Emela Ntouka Artwork
Posted by: Loren Coleman on January 26th, 2006
A Cryptomundo reader has sent along what they see in the native art shown previously here.
Thanks to Corey H. for sending this along.
Click on above image to see full-size version
About Loren Coleman
Loren Coleman is one of the world’s leading cryptozoologists, some say “the” leading living cryptozoologist. Certainly, he is acknowledged as the current living American researcher and writer who has most popularized cryptozoology in the late 20th and early 21st centuries.
Starting his fieldwork and investigations in 1960, after traveling and trekking extensively in pursuit of cryptozoological mysteries, Coleman began writing to share his experiences in 1969. An honorary member of Ivan T. Sanderson’s Society for the Investigation of the Unexplained in the 1970s, Coleman has been bestowed with similar honorary memberships of the North Idaho College Cryptozoology Club in 1983, and in subsequent years, that of the British Columbia Scientific Cryptozoology Club, CryptoSafari International, and other international organizations. He was also a Life Member and Benefactor of the International Society of Cryptozoology (now-defunct).
Loren Coleman’s daily blog, as a member of the Cryptomundo Team, served as an ongoing avenue of communication for the ever-growing body of cryptozoo news from 2005 through 2013. He returned as an infrequent contributor beginning Halloween week of 2015.
Coleman is the founder in 2003, and current director of the International Cryptozoology Museum in Portland, Maine.
This looks like an example of the chimera phenomenon due to the amalgamation of different animal characteristics that are easily identifiable, such as the rhino horn, elephant ears, elephant body, and crocodilian-like tail. I don’t think it is uncommon for cultures that revere and/or fear certain animals to begin combining animal features into mythological creations that serve either as totems or bogeymen; as an example the gryphon, sphinx, and pegasus. I’m no anthropologist, though. I’m just tossing this out there as a point-of-origin hypothesis.
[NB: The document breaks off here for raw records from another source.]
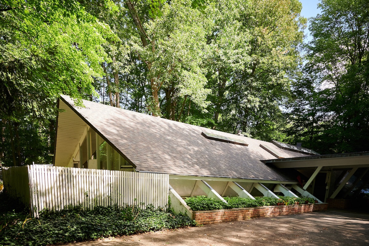Mid Century Modern A- Frame nestled in the woods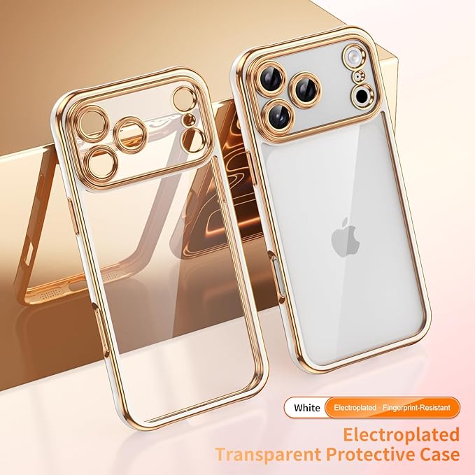 ZTOFERA for iPhone 17 Pro Max ケース、クリスタルクリアアクリルバック、ソフトメッキエッジ、取り外し可能な電話レンズ、スリム透明バンパーケース for iPhone 17 Pro Max ホワイト
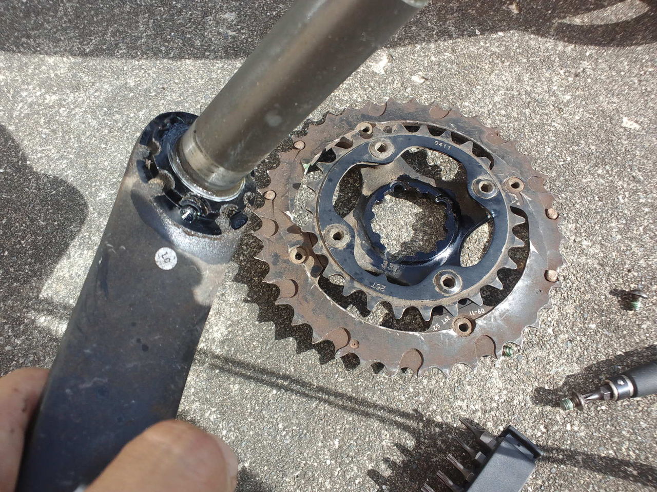 約10年の月日で、チェーンリングもスプロケットもチェーンもプーリーも完全に摩耗状態。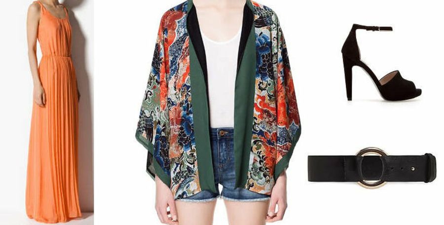 Para el tercer modelo hemos escogido este sencillo vestido largo de Massimo Dutti para acompañar a este kimono de Zara en estampados verdes y naranjas. Y, para rebajar color al conjunto, nos hemos decantado por el tono negro en los complementos, con estas sandalias de Zara y el cinturón de Mango.Para bodas de tarde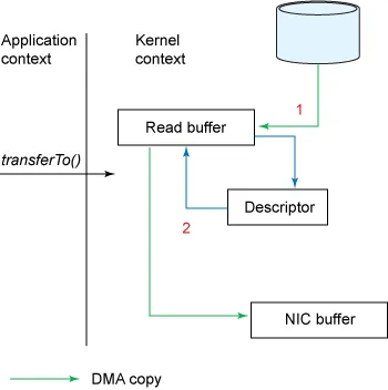 - 커널 모드에서 유저 모드로 컨텍스트 스위칭 없이, 바로 Socket Buffer로 데이터를 복사함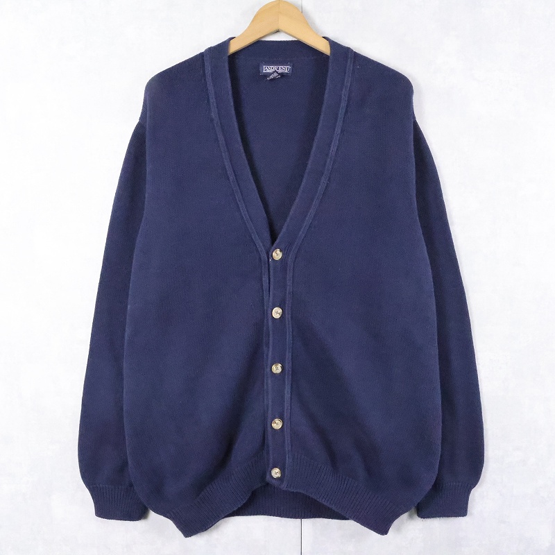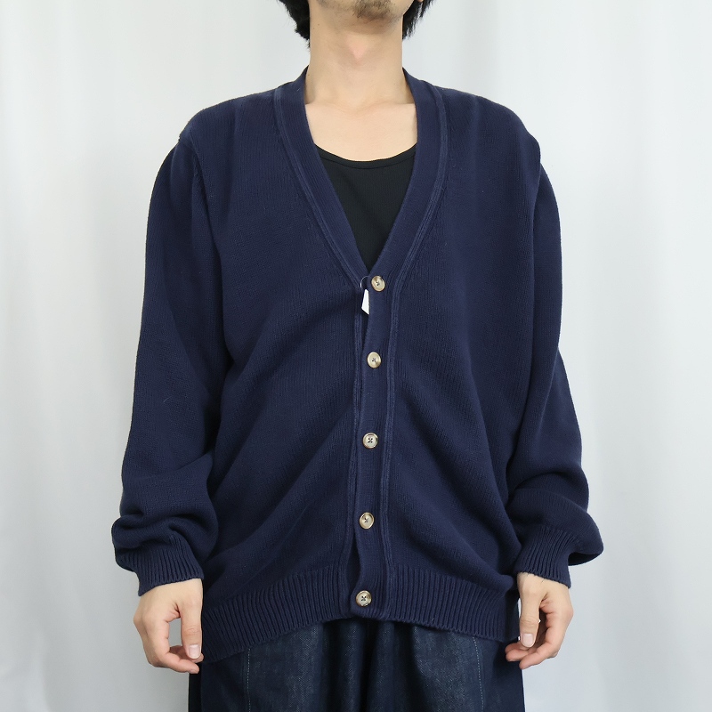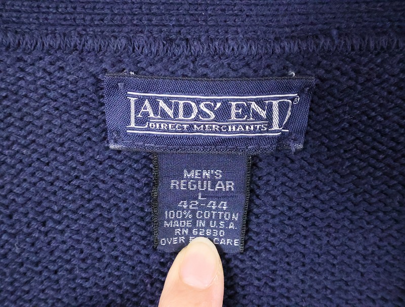90's LANDS' END USA製 コットンニットカーディガン NAVY L [165910]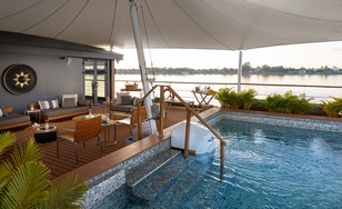 Круизный лайнер по реке Меконг входит во флот, который в 2023 и 2024 годах был назван лучшей в мире речной круизной компанией по версии журнала Travel + Leisure. В 20 просторных люксах с кондиционерами есть окна во всю стену, из которых открываются захватывающие панорамы постоянно меняющихся пейзажей.
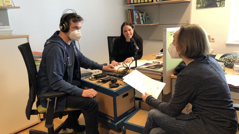 Produzent Florian Winter arbeitet mit BIOSA-Geschäftsführerin Renate Haslinger und Sprecherin Andrea Köhler an der dritten Folge (Bild: BFW).

Looks to me like a ceratopid, the “ears”, are the vestigial frill, and the rest just falls into place.
I’ve always considered the Emela Ntouka a likely form of rhinoceros as well, based on available information. Oddly, I’ve never seen any alternative proposals for Mokele M’Bembe other than that of a Sauropod, which, although I’d love for it to be, seems rather improbable. My thought, and maybe someone else has beaten me to it, I don’t know, is that perhaps it is a survival of Indricotherium or something similar. has anyone ever offered a picture of one of them amongst those of dinosaurs shown to the natives?
An Indricotherium would also seem to be a better match, morphologically, for the creature depicted on the Ishtar Gate in Babylon. I know it has since been translated differently, but I believe most people still know it as the sirrush. The scale motif has always struck me as ornamental (Not that I’ve ever seen a Dinosaur depicted with scales anyway).
I have to agree. Indricotheres were a giraffe-like species of rhino that did not have a horn. It was the largest land mammal ever, and certainly may be able to swim. As for the rhino theory for Emela Ntouka, I think it is possible, but the tail that Emela Ntouka has is way to long, and also too thick.
The beast on the Ishtar gate is likely mythological (notice the snake head, cat paws, and eagle talons, which is an impossible combination for a real animal) or an attempt to represent something known at best from secondhand accounts (you can see this kind of thing in medeival bestiaries as well).
If the builders of the Ishtar gate had never seen a real Indricothere, they may interpret it differently than a giant rhino with no horn.
Indricotheres had medium length heads, and short hoof-like nails. If they did not know all parts of any Indricotheres seen, they may put in parts of known animals to fill in gaps.
Could someone post a link to a picture of the Ishtar gate animal?
Check out the link in one of the comments on the supposed southeast Asian stegosaurid carving, it’s a creationist site, but it does have a picture of the gate in question…
Thanks, and it does resemble an Indricothere.